Constituency details
- Country: India
- Region: Western India
- State: Maharashtra
- District: Nandurbar
- Lok Sabha constituency: Nandurbar
- Established: 2008
- Total electors: 319,481
- Reservation: ST

Member of Legislative Assembly
- 15th Maharashtra Legislative Assembly
- Incumbent Aamshya Padavi
- Party: SHS
- Alliance: NDA
- Elected year: 2024

= Akkalkuwa Assembly constituency =

Constituency of the Maharashtra legislative assembly in India

Akkalkuwa Assembly constituency is one of the 288 Vidhan Sabha constituencies of Maharashtra state in western India.
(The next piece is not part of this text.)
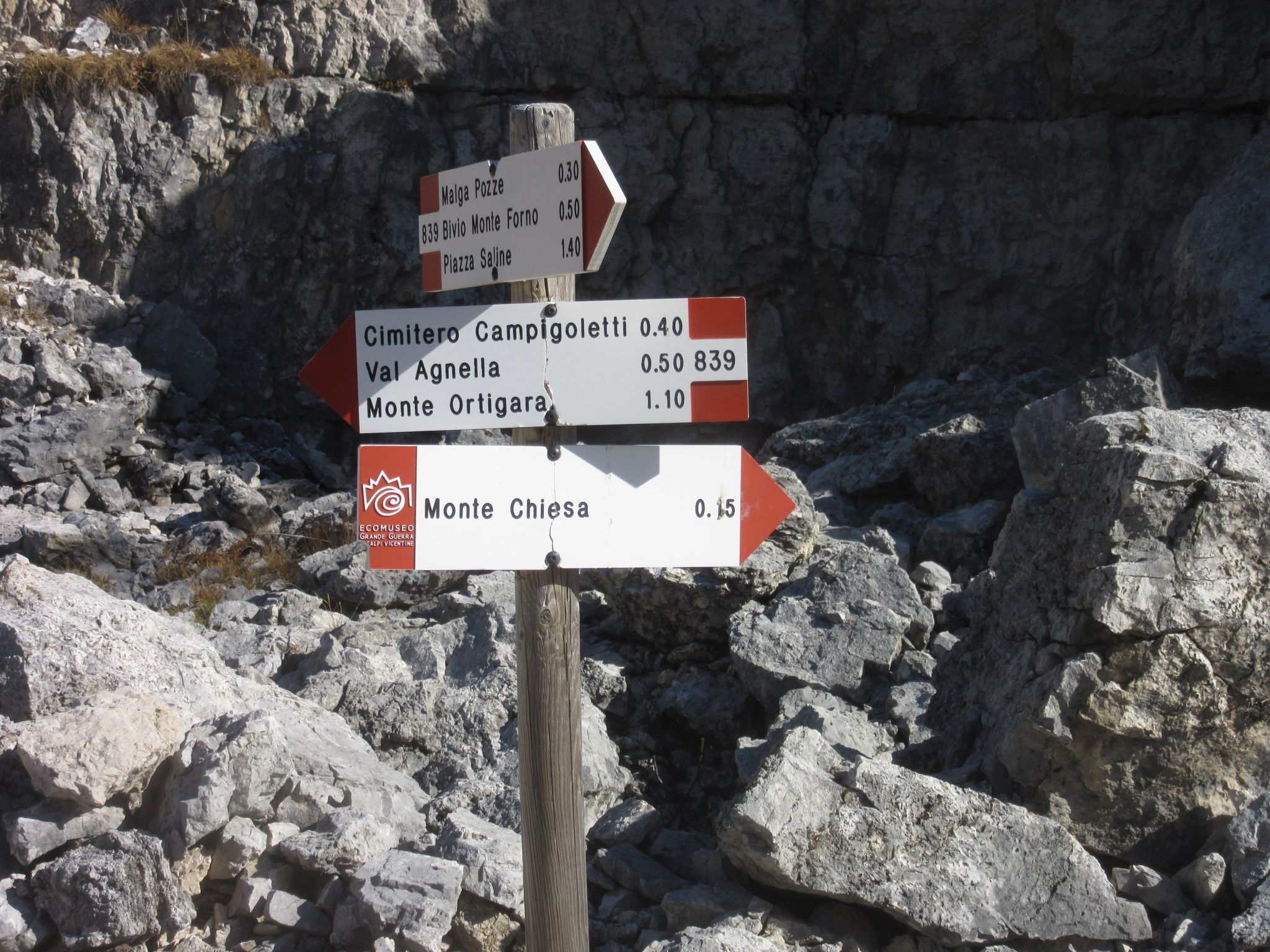 Questo itinerario molto bello ed interessantissimo sotto il profilo storico , non richiede una preparazione fisica e tecnica eccezionale , ma bensi una discreta conoscenza di questa parte di altipiano teatro di sanguinose battaglie anche se parte di questo percorso e sulla linea definita delle alture ovvero le zone logistiche e di comando dell’esercito austroungarico , da molte di queste posizioni si possono vedere i trinceramenti e le postazioni dell’avversario da diverse prospettive . Questo percorso assieme a 841 – 840 – 830 – 835 – Monte Chiesa – Monte Ortigara – Anello piazzale Lozze – cima XII – cima Portule completano la visione del complesso sistema del Ortigara , e riescono con un approfondimento cartaceo a dare utili informazioni …PER NON DIMENTICARE E PER FAR SAPERE …
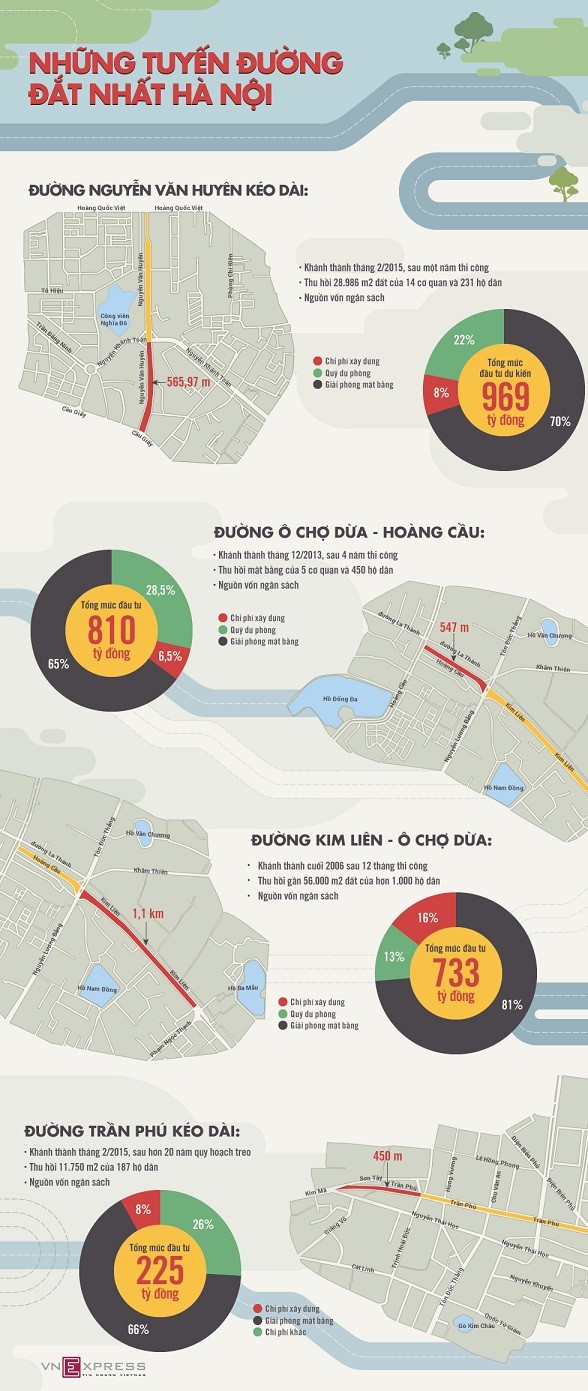 Các đoạn đường Nguyễn Văn Huyên, Trần Phú kéo dài, Ô Chợ Dừa - Hoàng Cầu và Kim Liên - Ô Chợ Dừa có tổng chiều dài khoảng 2.600 m nhưng số tiền đầu tư lên đến 2.700 tỷ đồng, do đều chạy qua những khu đất "vàng".

This constituency is located in Nandurbar district and it is reserved for the candidates belonging to the Scheduled Tribes.

==Overview==
It is part of the Nandurbar Lok Sabha constituency along with another five Vidhan Sabha segments, namely Shahada, Nandurbar and Navapur in the Nandurbar district and Sakri and Shirpur in the Dhule district.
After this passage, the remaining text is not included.